Problem:
Please set out each line below exactly as it stands, without the images.

Available data:

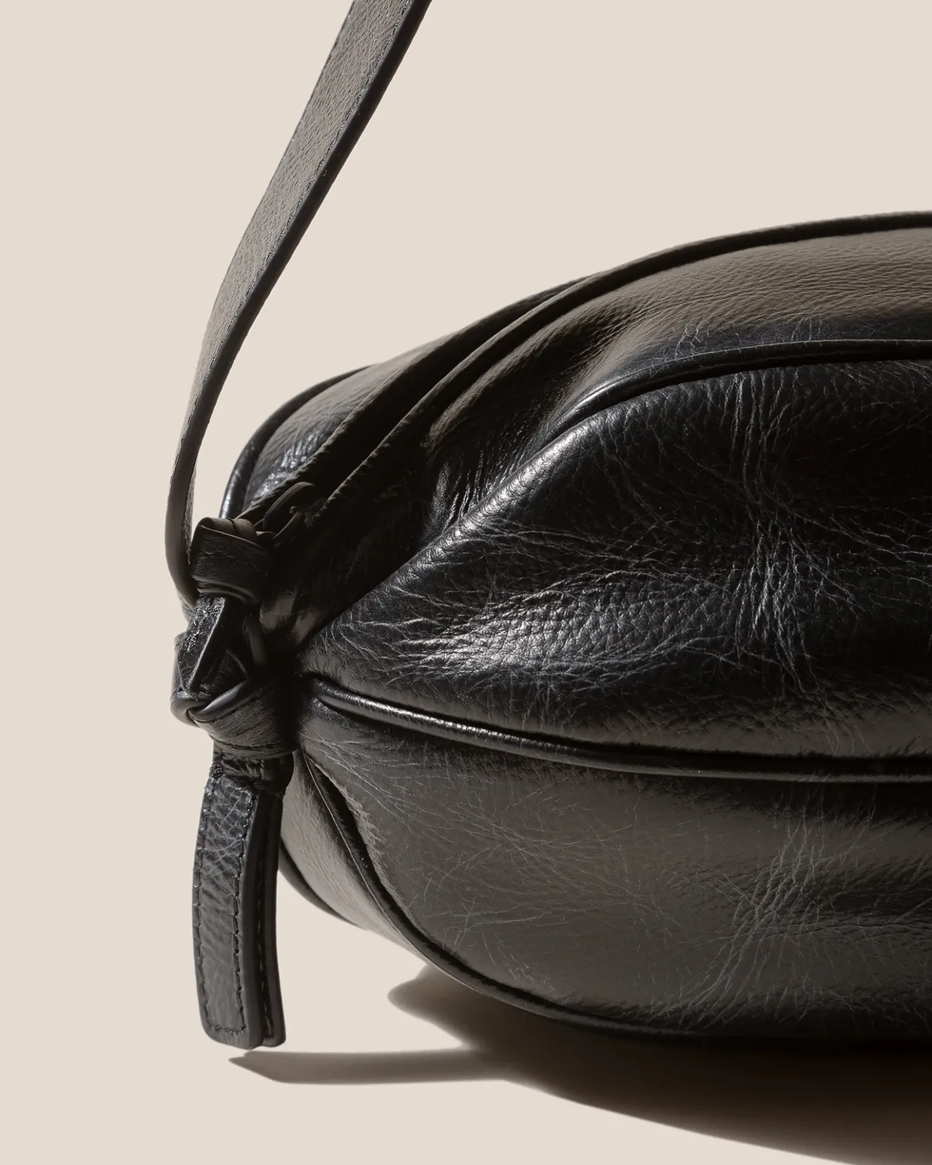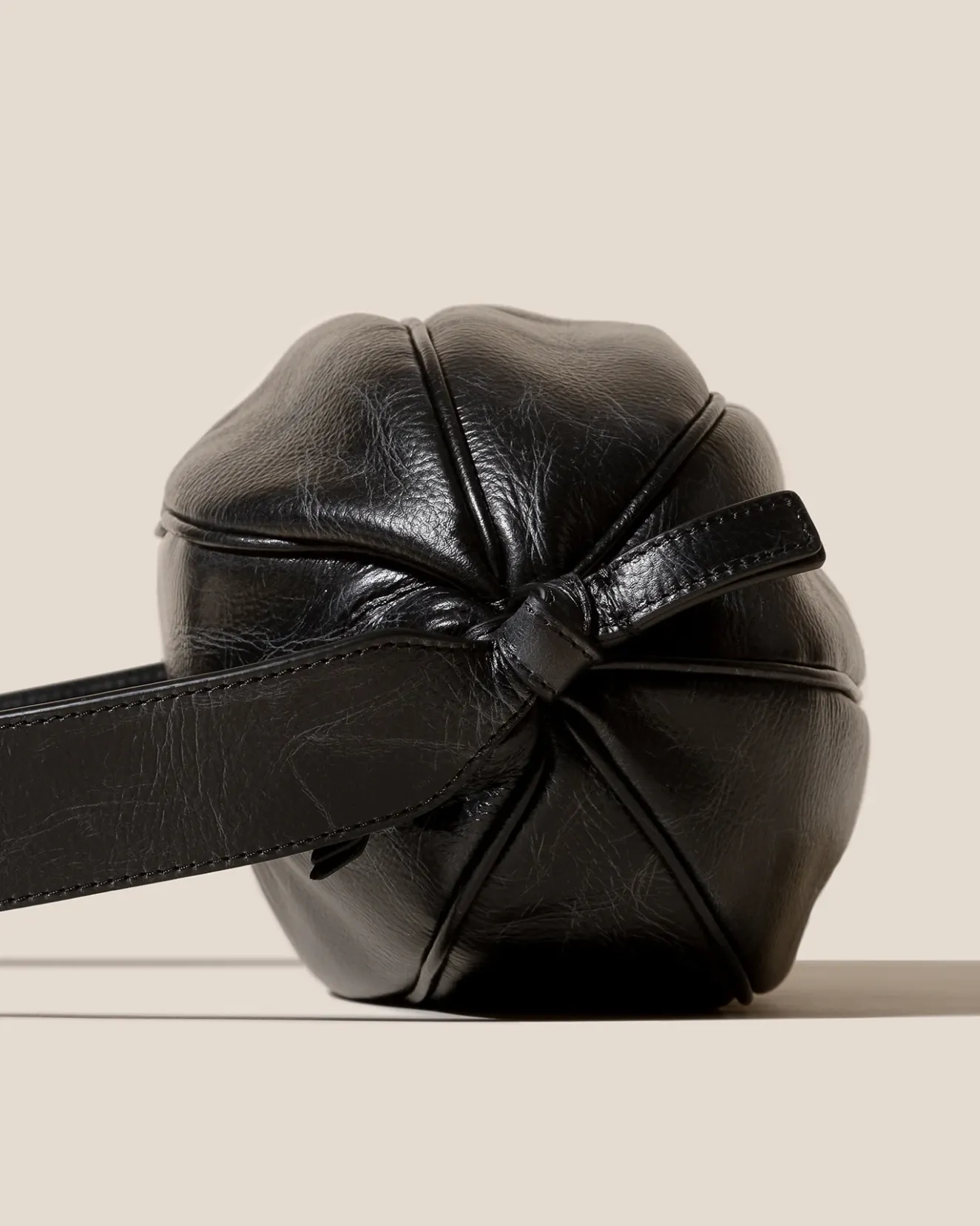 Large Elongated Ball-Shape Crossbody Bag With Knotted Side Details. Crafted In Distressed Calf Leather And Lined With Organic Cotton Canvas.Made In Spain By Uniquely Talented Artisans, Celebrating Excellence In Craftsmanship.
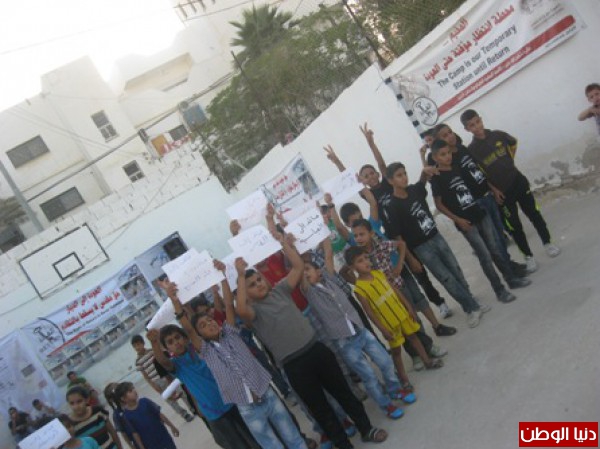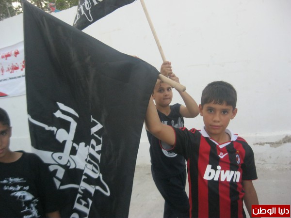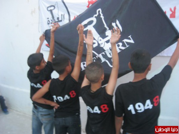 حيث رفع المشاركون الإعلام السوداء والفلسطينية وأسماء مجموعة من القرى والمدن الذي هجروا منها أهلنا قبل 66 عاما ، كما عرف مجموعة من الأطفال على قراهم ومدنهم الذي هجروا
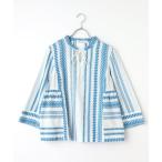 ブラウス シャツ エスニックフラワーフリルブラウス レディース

Task output:
 Large Elongated Ball-Shape Crossbody Bag With Knotted Side Details. Crafted In Distressed Calf Leather And Lined With Organic Cotton Canvas.Made In Spain By Uniquely Talented Artisans, Celebrating Excellence In Craftsmanship.
 حيث رفع المشاركون الإعلام السوداء والفلسطينية وأسماء مجموعة من القرى والمدن الذي هجروا منها أهلنا قبل 66 عاما ، كما عرف مجموعة من الأطفال على قراهم ومدنهم الذي هجروا
 ブラウス シャツ エスニックフラワーフリルブラウス レディース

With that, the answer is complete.